TASK GOAL
Once you find the line with "اصطف آلاف المصلين" in the entries below, print it and each line after it up to and including the line with "圖2爲(wei)渦輪(lun", exactly, without pictures.
:: DATA EXCERPTS
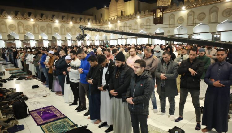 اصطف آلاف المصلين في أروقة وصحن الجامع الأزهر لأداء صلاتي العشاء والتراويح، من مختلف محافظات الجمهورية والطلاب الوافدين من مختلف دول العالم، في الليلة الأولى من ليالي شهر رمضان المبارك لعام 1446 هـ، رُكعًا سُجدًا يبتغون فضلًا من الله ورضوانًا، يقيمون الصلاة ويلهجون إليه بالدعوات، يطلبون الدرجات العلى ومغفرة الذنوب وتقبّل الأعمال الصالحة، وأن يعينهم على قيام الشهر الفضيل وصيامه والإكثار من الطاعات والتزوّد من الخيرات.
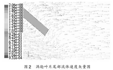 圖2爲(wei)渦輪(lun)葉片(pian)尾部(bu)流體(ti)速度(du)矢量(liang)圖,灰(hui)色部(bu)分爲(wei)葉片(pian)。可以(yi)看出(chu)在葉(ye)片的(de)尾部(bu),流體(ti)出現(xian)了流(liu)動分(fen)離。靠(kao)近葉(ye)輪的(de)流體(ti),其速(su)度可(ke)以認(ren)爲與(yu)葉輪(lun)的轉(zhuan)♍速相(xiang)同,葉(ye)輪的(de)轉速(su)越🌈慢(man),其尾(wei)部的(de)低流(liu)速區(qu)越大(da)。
::::
:: DATA EXCERPTS
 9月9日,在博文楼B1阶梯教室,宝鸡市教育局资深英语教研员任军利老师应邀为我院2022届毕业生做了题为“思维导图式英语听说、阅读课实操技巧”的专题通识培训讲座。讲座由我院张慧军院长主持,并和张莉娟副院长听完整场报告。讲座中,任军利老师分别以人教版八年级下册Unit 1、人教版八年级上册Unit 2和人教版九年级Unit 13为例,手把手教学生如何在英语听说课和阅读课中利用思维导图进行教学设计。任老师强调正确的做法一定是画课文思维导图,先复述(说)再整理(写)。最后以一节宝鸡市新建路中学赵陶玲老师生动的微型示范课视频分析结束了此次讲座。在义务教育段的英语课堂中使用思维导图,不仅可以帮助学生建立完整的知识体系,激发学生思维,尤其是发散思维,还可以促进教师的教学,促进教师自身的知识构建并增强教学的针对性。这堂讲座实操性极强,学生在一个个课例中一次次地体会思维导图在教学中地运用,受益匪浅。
::::
ANSWER
 اصطف آلاف المصلين في أروقة وصحن الجامع الأزهر لأداء صلاتي العشاء والتراويح، من مختلف محافظات الجمهورية والطلاب الوافدين من مختلف دول العالم، في الليلة الأولى من ليالي شهر رمضان المبارك لعام 1446 هـ، رُكعًا سُجدًا يبتغون فضلًا من الله ورضوانًا، يقيمون الصلاة ويلهجون إليه بالدعوات، يطلبون الدرجات العلى ومغفرة الذنوب وتقبّل الأعمال الصالحة، وأن يعينهم على قيام الشهر الفضيل وصيامه والإكثار من الطاعات والتزوّد من الخيرات.
 圖2爲(wei)渦輪(lun)葉片(pian)尾部(bu)流體(ti)速度(du)矢量(liang)圖,灰(hui)色部(bu)分爲(wei)葉片(pian)。可以(yi)看出(chu)在葉(ye)片的(de)尾部(bu),流體(ti)出現(xian)了流(liu)動分(fen)離。靠(kao)近葉(ye)輪的(de)流體(ti),其速(su)度可(ke)以認(ren)爲與(yu)葉輪(lun)的轉(zhuan)♍速相(xiang)同,葉(ye)輪的(de)轉速(su)越🌈慢(man),其尾(wei)部的(de)低流(liu)速區(qu)越大(da)。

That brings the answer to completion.